Producing recombinant proteins

  • Recombinant proteins are generated using microorganisms such as bacteria, yeast, or animal cells in culture. They are used for research purposes and for treatments (eg. diabetes, cancer, infectious diseases, haemophilia)
  • Most recombinant human proteins are produced using eukaryotic cells (eg. yeast, or animal cells in culture) rather than using prokaryotic cells, as these cells will carry out the post-translational modification (due to the presence of Golgi Apparatus and/or enzymes) that is required to produce a suitable human protein
  • The advantages of genetic engineering organisms to produce recombinant human proteins are:
    • More cost-effective to produce large volumes (i.e. there is an unlimited availability)
    • Simpler (with regards to using prokaryotic cells)
    • Faster to produce many proteins
    • Reliable supply available
    • The proteins are engineered to be identical to human proteins or have modifications that are beneficial
    • It can solve the issue for people who have moral or ethical or religious concerns against using cow or pork produced proteins

Insulin

  • In 1982, insulin was the first recombinant human protein to be approved for use in diabetes treatment
  • Bacteria plasmids are modified to include the human insulin gene
    • Restriction endonucleases are used to cut open plasmids and DNA ligase is used to splice the plasmid and human DNA together

  • These recombinant plasmids are then inserted into Escherichia coli by transformation (bath of calcium ions and then heat or electric shock)
  • Once the transgenic bacteria are identified (by the markers), they are isolated, purified and placed into fermenters that provide optimal conditions
  • The transgenic bacteria multiply by binary fission, and express the human protein - insulin, which is eventually extracted and purified
  • The advantages for scientists to use recombinant insulin are:
    • It is identical to human insulin, unless modified to have different properties (eg. act faster, which is useful for taking immediately after a meal or to act more slowly)
    • There is a reliable supply available to meet demand (no need to depend on availability of meat stock)
    • Fewer ethical, moral or religious concerns (proteins are not extracted from cows or pigs)
    • Fewer rejection problems or side effects or allergic reactions
    • Cheaper to produce in large volumes
    • That it is useful for people who have animal insulin tolerance

Factor VIII

  • Factor VIII is a blood-clotting protein that haemophiliacs cannot produce
  • Kidney and ovary hamster cells have been genetically modified to produce Factor VIII
  • Once modified these recombinant cells are placed into a fermenter and cultured
  • Due to the optimal conditions in the fermenter, the hamster cells constantly express Factor VIII which can then be extracted and purified, and used as an injectable treatment for haemophilia
  • The advantages for scientists to use recombinant Factor VIII are:
    • Fewer ethical, moral or religious concerns (proteins are not extracted from human blood)
    • Less risk of transmitting infection (eg. HIV) or disease
    • Greater production rate

Gene therapy

  • The use of gene therapy in medicine is becoming more common
  • Gene therapy involves using various mechanisms to alter a person’s genetic material to treat, or cure, diseases
  • As scientists gain a better understanding of the human genome and therefore the location of genes that cause genetic disorders, the possibilities of gene therapy being able to replace a faulty gene, inactivate a faulty gene or insert a new gene are growing
  • Most gene therapies are still in the clinical trial stage because scientists are having difficulty finding delivery systems that can transfer normal alleles into a person’s cells and how to ensure the gene is correctly expressed once there
  • Gene therapy is being used in medicine for introducing corrected copies of genes into patients with genetic diseases (eg. cystic fibrosis, haemophilia, severe combined immunodeficiency)
  • Currently, all gene therapies have targeted and been tested on somatic (body)
    • Changes in genetic material are targeted to specific cells and so will not be inherited by future generations (as somatic gene therapy does not target the gametes)

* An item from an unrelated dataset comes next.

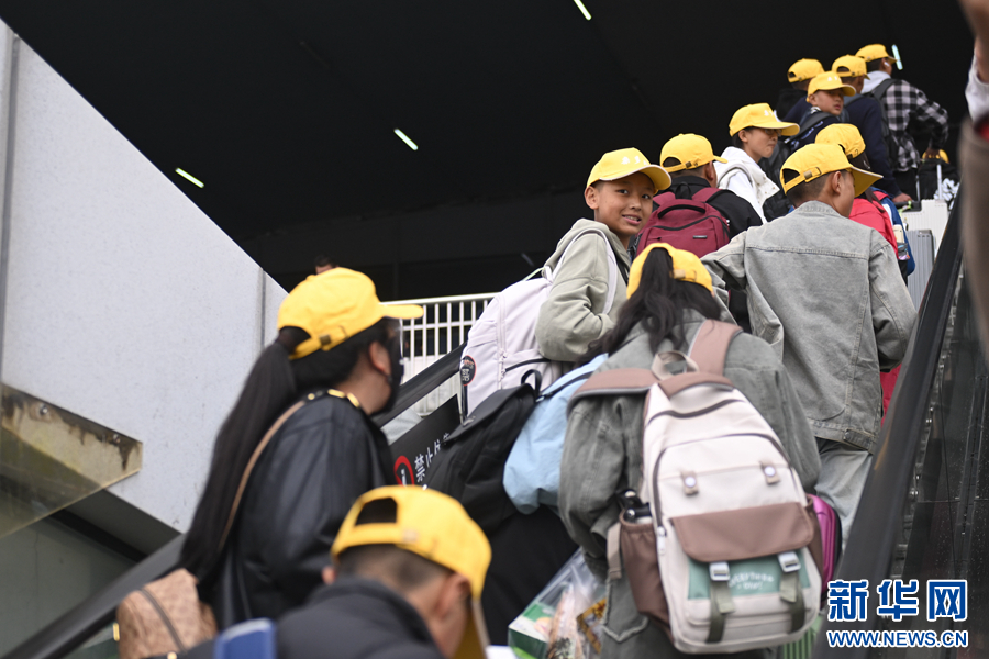 學(xué)生及家長(zhǎng)、老師在西寧火車站站前廣場(chǎng)合影。新華社記者 張龍 攝

  • Often the effects of changing the somatic cells are short-lived
  • There are two types of somatic gene therapy:
    • Ex vivo – the new gene is inserted via a virus vector into the cell outside the body. Blood or bone marrow cells are extracted and exposed to the virus which inserts the gene into these cells. These cells are then grown in the laboratory and returned to the person by injection into a vein
    • In vivo – the new gene is inserted via a vector into cells inside the body

  • There is the potential for new genetic material to be inserted into germ cells (cells involved in sexual reproduction eg. gametes or an early embryo)
  • However, this is illegal in humans as any changes made to the genetic material of these cells is potentially permanent and could therefore be inherited by future generations

Gene therapy (1), downloadable AS & A Level Biology revision notesGene therapy (2), downloadable AS & A Level Biology revision notesGene therapy (3), downloadable AS & A Level Biology revision notes

The two types of somatic gene therapy - ex vivo and in vivo. Two of the methods scientists are using to alter a patient’s genetic material to treat or cure diseases.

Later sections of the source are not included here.